Dr. Barbara Cohn, epidemiologist and director of the Child Health and Development Studies, a program of the Public Health Institute, tests pregnancy blood to see if environmental chemical exposure in utero eventually results in breast cancer in the child. She explains the links she’s found, and what they tell us about cancer prevention. She is joined by Dr. Linda Birnbaum, director of the National Institute of Environmental Health Sciences (NIEHS), one of the National Institutes of Health (NIH).
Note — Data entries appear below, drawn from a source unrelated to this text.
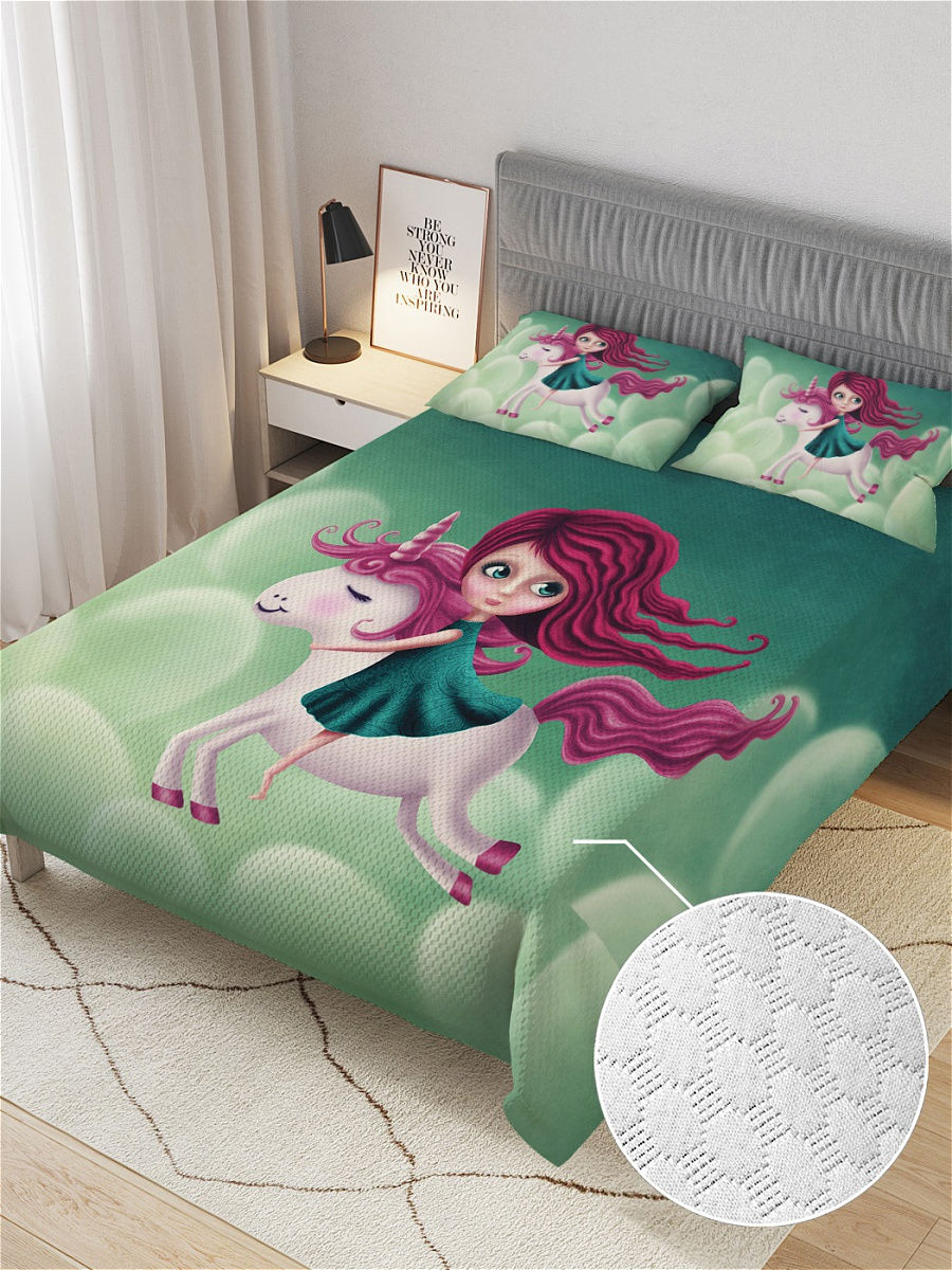 Комплектация: покрывало и 2 наволочки из стеганого трикотажа со стежкой \"соты\" . Материал: высокотехнологичное трикотажное полотно с прослойкой синтепона. Покрывало \"Полет на верном единорожке\" - теплое, объемное и при этом чрезвычайно легкое по весу, не только украсит ваш дом, но и согреет в холодные дни. Трехслойное покрывало состоит из двух внешних жаккардовых слоев и внутреннего, утепленного нитками синтепона. Благодаря используемым материалам покрывало не мнется, имеет высокую износостойкость и долговечность. Изделие порадует не только своей декоративностью, но и функциональностью. Покрывало прекрасно ложиться на кровать, равномерно спадая по бокам. Внутренний слой из ниток синтепона делает его \"дышащим\" и теплым, позволяя использовать как одеяло. Наружные жаккардовые слои приятны к телу. Покрывало по ощущениям напоминает хлопок. Лицевая часть стеганого покрывала с фотопечатью, оборотная - белая. На рисунке: единорог, девочка, девочка скачет на единороге. Состав: полиэстер 100%
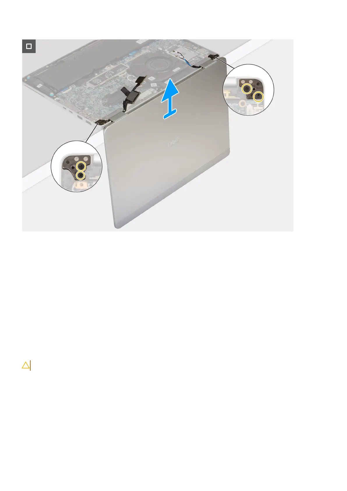 8. Remove the four screws (M2.5x5) that secure the left and right display hinges to the palm-rest assembly.
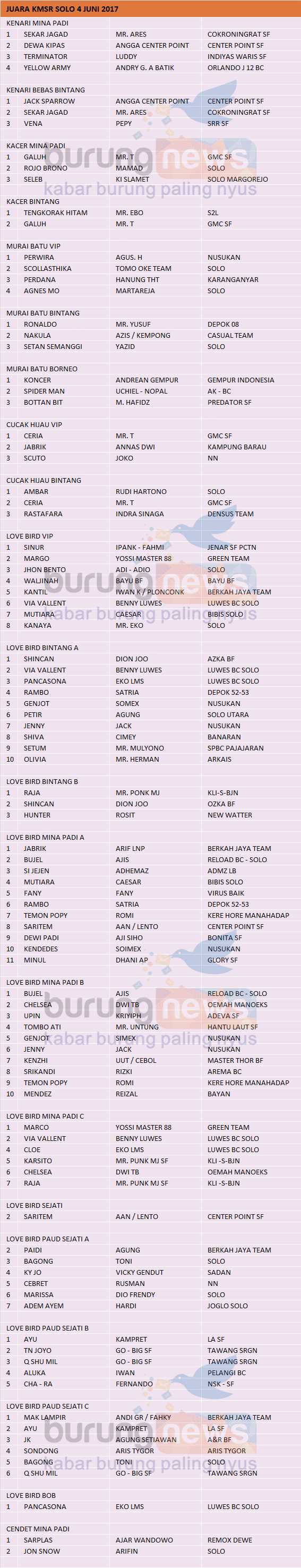 Hasil Lomba Burung
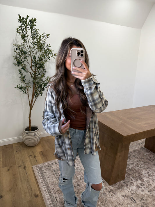 Cropped Plaid Shacket With Detachable Hood- Brown
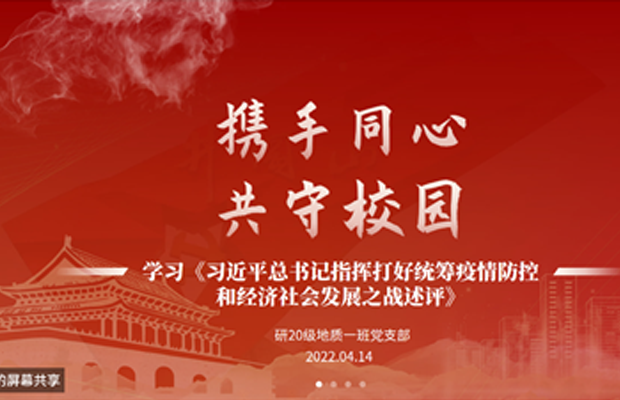 为深入了解当下新冠疫情多点、多面、频发的特点,教育引导支部成员正确认识严峻复杂的疫情防控形势,自觉配合学校疫情防控工作,2022年4月14日晚19:30,研20级地质一班党支部组织线上开展“携手同心 共守校园”主题党日活动,会议由邢本聪同志主持,支部23名成员与会。此次党日活动内容为集中学习《习近平总书记指挥打好统筹疫情防控和经济社会发展之战述评》。
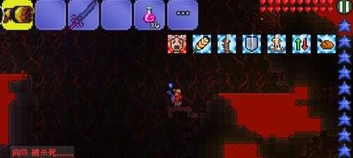 5、肉山可以在地狱中,使用向导巫毒娃娃道具进行召唤,与肉山对抗前,最好提前铺设一个空中平整的道路,方便边退后边输出,击败肉山进入到后期世界。
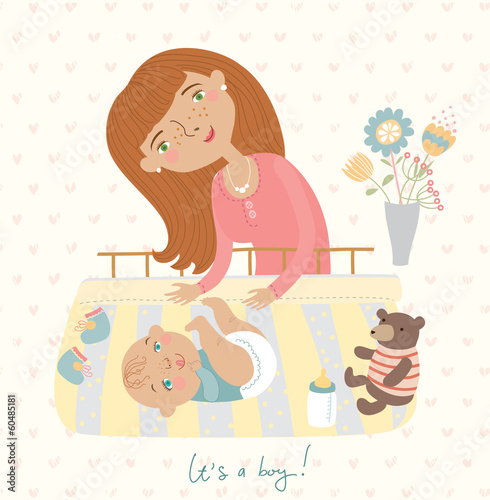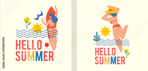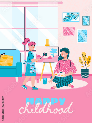 Happy girl blows candles on her birthday cake and enjoy her gifts. Birthday party vector concept illustration. Woman hanging up paper garlands to preparing the birthday party. Web site design.
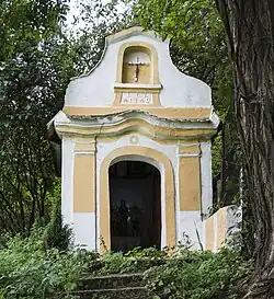- kościół parafialny pw. św. Jakuba Apostoła stoi na wyraźnym wzniesieniu we wschodniej części wsi, wysoko ponad korytem Nysy Kłodzkiej, w pobliżu tutejszego dworu. Wewnątrz w transepcie po prawej stronie renesansowa chrzcielnica z 1590 r. z herbami rodów von: Haugwitz, Nostitz, Pannwitz, Reden, Rodtkirch, Schellendorf, Zedlitz[7]. Naturalna obronność miejsca została dodatkowo wzmocniona poprzez otoczenie świątyni owalnym, kamiennym murem z dwiema bramami (po stronie południowej i północno-zachodniej) oraz dwiema furtkami (prowadzącą do dworu w kierunku wschodnim oraz ku plebanii w stronę zachodu). Obecna postać muru obronnego to efekt przebudów z XVII–XVIII w., jednak jego pierwotne założenie jest starsze. Brama południowa o ostrołukowym prześwicie zwieńczona jest prostą attyką, za którą kryje się jednospadowy dach. Z przodu stoi wysoka kolumna zwieńczona metalowym krzyżem i barokowa, kamienna Grupa Ukrzyżowania (poddana renowacji w 1883 r.). Obok bramy znajduje się XVIII-wieczna kaplica-kostnica z namiotowym dachem krytym gontem, a w murze wnęka z rzeźbą Ecce homo (figurą Chrystusa stojącą przy marmurowej kolumnie). Brama północno-zachodnia, pozbawiona szczytu, ma otwór sklepiony półkoliście.
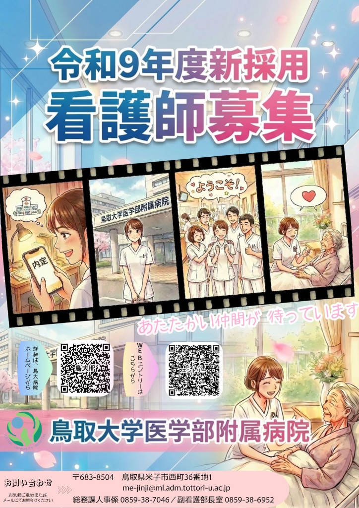 2026.04.16 令和9年度新採用看護師募集!! 令和9年度新採用看護師募集を開始いたしました!! あたたかい仲間が、皆さんを待っています! 私たちと一緒に、「共に歩む」看護をしませんか?🥰 🌟応募要項の詳細↓ https://x.gd/fxYod 🌟WEBエントリー↓ https://x.gd/sECb9 ご応募お待ちしております♪
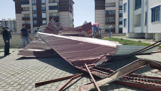 Yere düşen çatı parçaları park halindeki 3 araca hasar verdi.
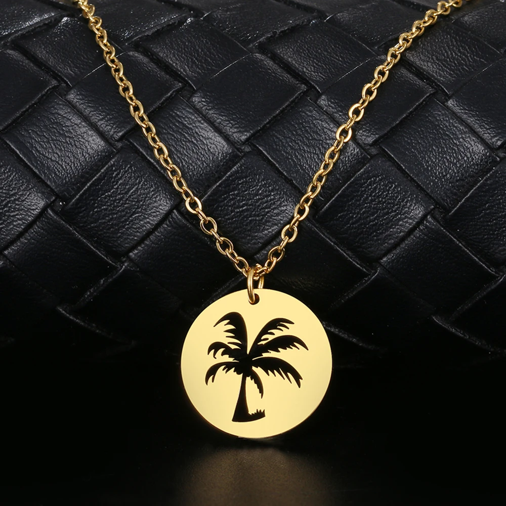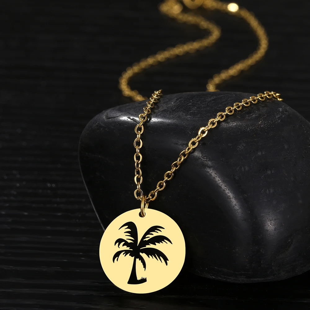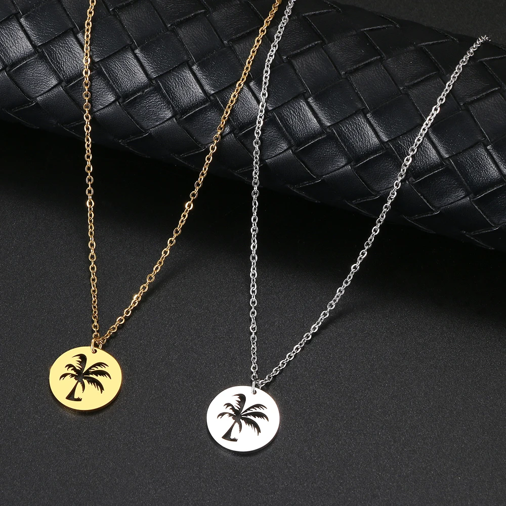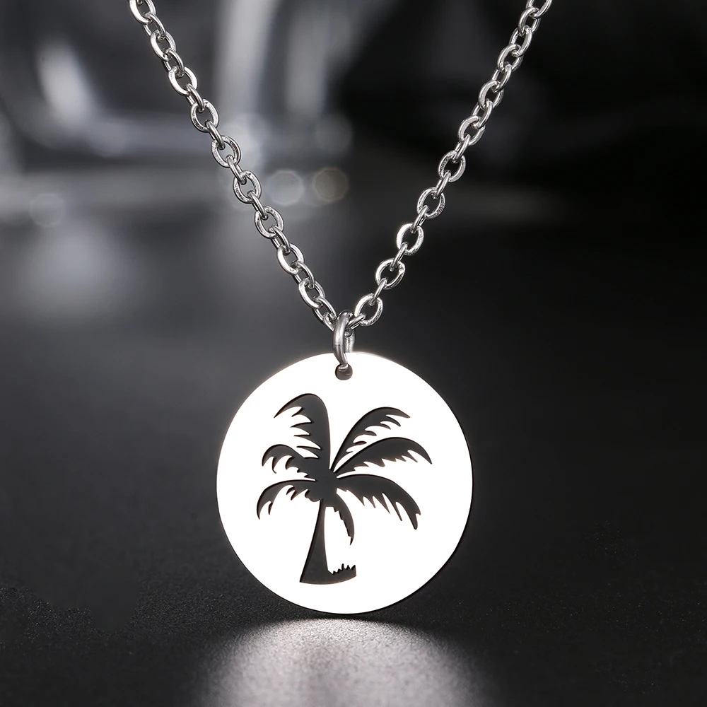 Отзывы о Ожерелья из нержавеющей стали подвеска с кокосовым деревом модный чокер цепочка
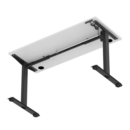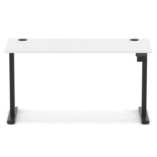 Air Lite 1400 x 600mm Height Adjustable Office Desk White Top Cable Ports Black Leg
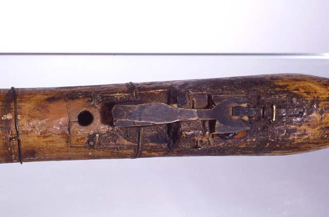 | huomiot | Arkistolähde: Kauko, Olavi: Suomen kansallismuseon kokoelmien huilut ja klarinetit. Musiikkitieteen laudatur-tutkielma. Helsingin yliopisto, 1954.; Osan mitat: halkaisija 7.00 cm; pituus 49.00 cm; pituus 6.30 cm; Osan materiaali: puu; Kirjallisuus: Herman Saxbergistä ks. esim. Karhunsoutaja VI, Keurusselän Seuran kotiseutujulkaisu 1999.; Osa: kaikusuppilo; lyhyet läpät; pitkät läpät; runko; suukappaleen suojus |
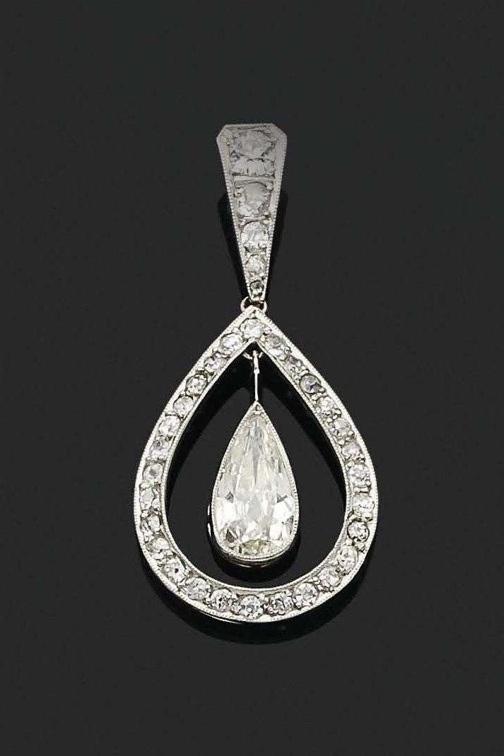 Diamant poire en pampille et diamants ronds taille ancienne
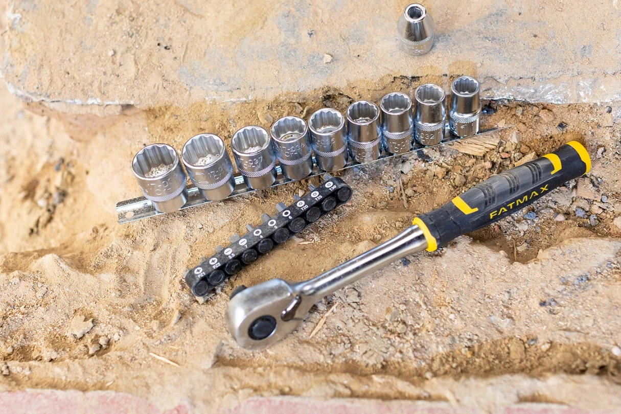 De nieuwe FATMAX® ratel met 120-tanden mechanisme verdubbelt de capaciteit om te werken in krappe ruimtes in vergelijking met een traditionele 60-tanden ratel. Het Quick Release mechanisme maakt t mogelijk om doppen snel los te maken. De lage omkeerhendel voorkomt onbedoelde bewegingen en maakt bediening met één hand mogelijk
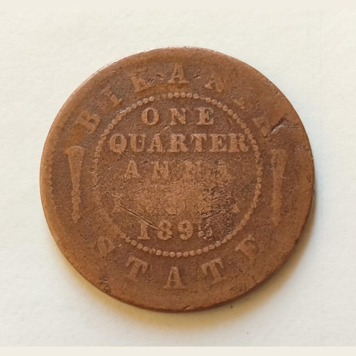 COPPER BRITISH INDIAš®š³ PRINCELY STATE. BIKANER STATE 1895 one quarter aana CONDITION.AS IMAGE
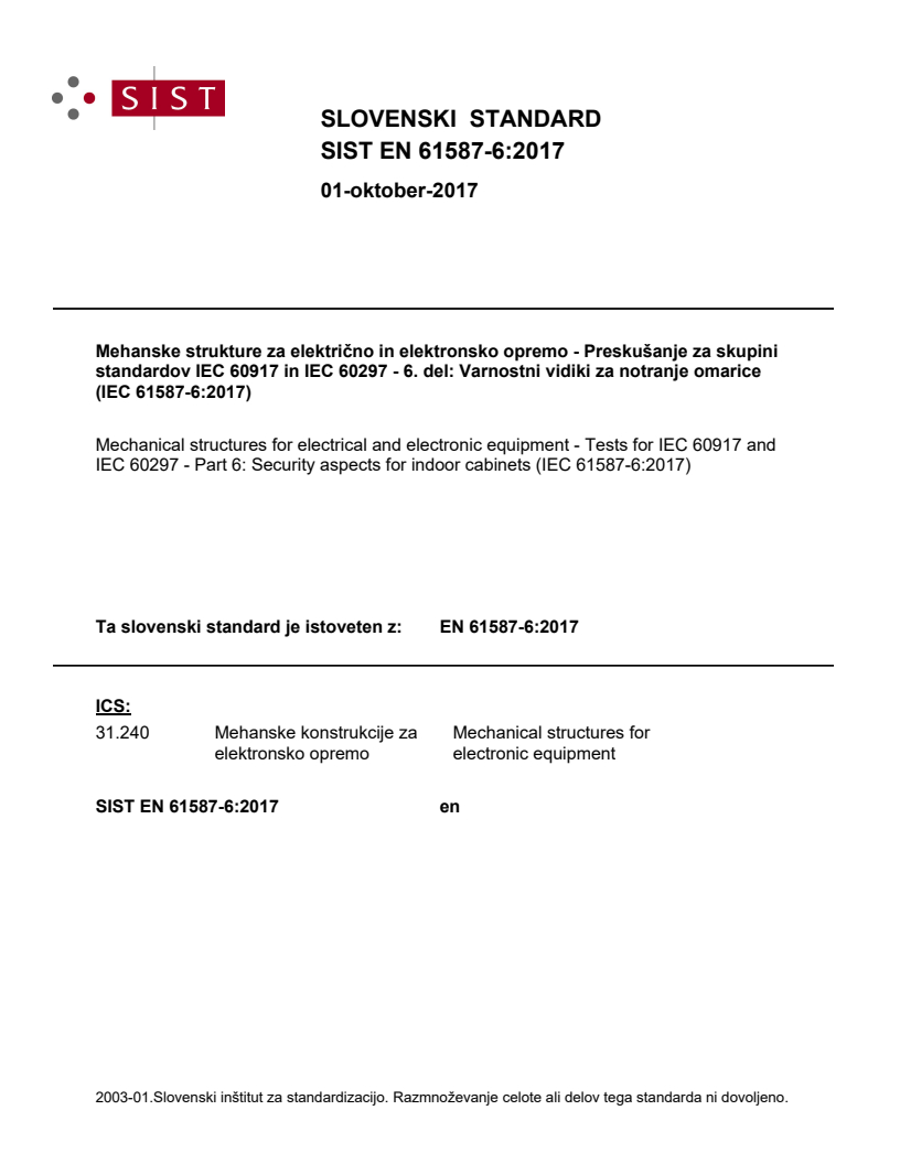 SIST EN 61587-6:2017 is a standard published by the Slovenian Institute for Standardization (SIST). Its full title is "Mechanical structures for electrical and electronic equipment - Tests for IEC 60917 and IEC 60297 - Part 6: Security aspects for indoor cabinets (IEC 61587-6:2017)". This standard covers: IEC 61587-6:2017(E) specifies security aspects and security performance levels of indoor cabinets in accordance with IEC 60917 and IEC 60297. This document intends to clarify the relationship between the installation conditions and the security requirements for indoor cabinets, and to provide the required performances and test methods on mechanical components related with security provisions for indoor cabinets which are in accordance with IEC 60297 series and IEC 60917 series.
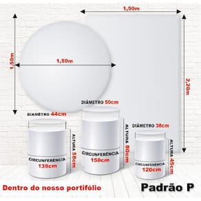 Especificações do produto:Os painéis são produzidos com qualidade fotográfica em impressão sublimática digital de última tecnologia.Estamos sempre atentos às novidades e tendência do mercado.O material utilizado é tecido malha flexível poliéster com elástano 240g/ml de ótimo caimento e não reflete luz.O melhor disso tudo não amassa. Isso é o sonho de todo decorador.Possui costura overlock nas laterais para não desfiar e elástico no redondo.Pode ser molhado ou lavado com água e sabão neutro, evite ser exposto ao sol pois secam rapidamente.As cores dos produtos podem variar de tonalidade em 15% devido resolução do monitor ou tela do celular, mas nada que interfira na qualidade e beleza do mesmo.Garantia contra defeito de fabricação.Sobre efeitos 3d, 4k, 8k e glitter:São efeitos que não podem serem visto à olho nu, somente por trás de lentes de câmeras.Vou dar um exemplo quando vamos no cinema e tiramos o óculos fica turvo e aparentemente tremidas as imagens e assim são o mesmo com as imagens impressas.Façam o teste se não conhecerem dos efeitos e verão o quanto ficam lindas e maravilhosas e encante seu público alvo.Painel redondo: Painel redondo 1,50m de diâmetro Não acompanha estruturaCapas de cilindro: Não acompanha cilindros de mdf Medidas padrão p do anúncio Cilindro grande: altura: 80 cm x diâmetro: 50 cm x circunferência: 157 cm Cilindro médio: altura: 58 cm x diâmetro: 44 cm x circunferência: 141 cm Cilindro pequeno: altura: 45 cm x diâmetro: 38 cm x circunferência: 119 cmPainel retangular: Painel vertical com passa varão 1,50 largura x 2,20 altura . Não acompanha estrutura.Atenção clientes: Não fazemos alterações em imagens e em medidas do painel e dos cilindros tem que ser como o padrão do anúncio. Não aceitamos artes prontas e inclusão de nomes. Marca: Felicitá
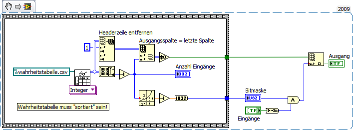 Was das programm dann machen muss: bei setzen des Eingänge Reglers wird automatisch das Bool Array entsprechend einer solchen Tabelle vorbelegt mit Ausgangsbelegungen alle auf False (zum Beispiel). Das String Array wird mit Bezeichnern gefüllt (die nur dazu dienen dass der Nutzer versteht wie das Bool Array zu verstehen ist.
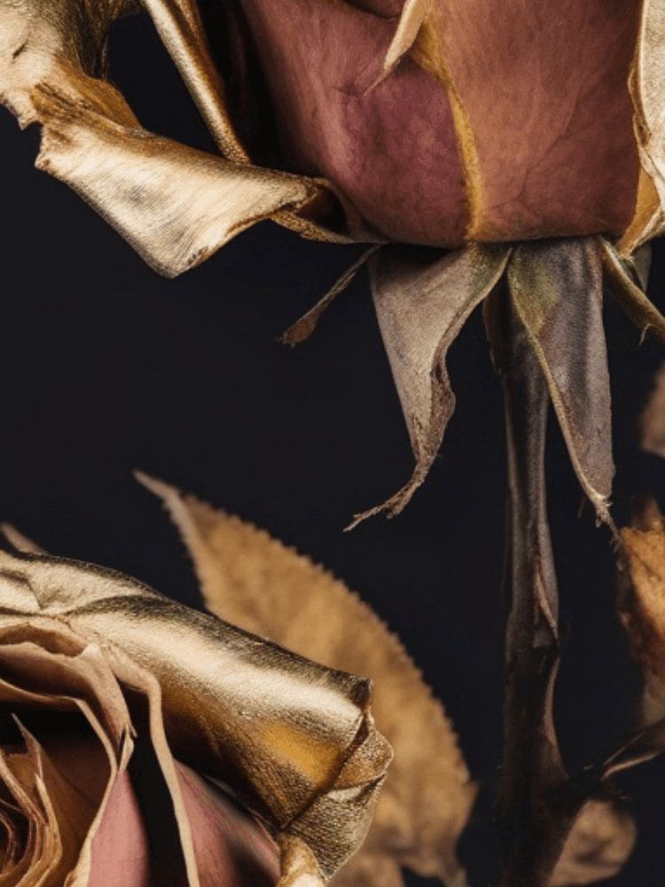 The picture shows two wilted, golden roses with dry, curled petals and brown, wilted leaves on the stems. The background is dark, probably black or deep blue, creating a dramatic and melancholic contrast with the golden hues of the roses. The whole scene has an artistic, almost surreal look, possibly symbolising impermanence or beauty in decline.

Jenny Singleton got breast cancer at age 48. So did her mother, at age 66. “When my breast cancer was diagnosed, I immediately thought we must have a gene for it,” Jenny Singleton said. “So I was tested and I didn’t have the BRCA gene. And so that’s often left me wondering well, then why is it that my mom and I both got breast cancer?”
Cancer susceptibility genes are estimated to account for only 5-10% of breast cancers overall. Now the Singletons and thousands of other families are part of a study that is looking to see if there is evidence that environmental exposures in utero could account for some breast cancers later in life.
Barbara Cohn is leading this research. Cohn is the director of the Child Health and Development Studies (CHDS) in Oakland, Calif. From 1959 to 1967, CHDS researchers enrolled some 20,000 pregnant women — including Jenny’s mother, Bernice — in a long-term study to track their health and the health of their children.
Over the past 55 years, researchers have continued to track those families, using the data to investigate everything from the effects of smoking and exposure to pesticides during pregnancy, to possible root causes of schizophrenia.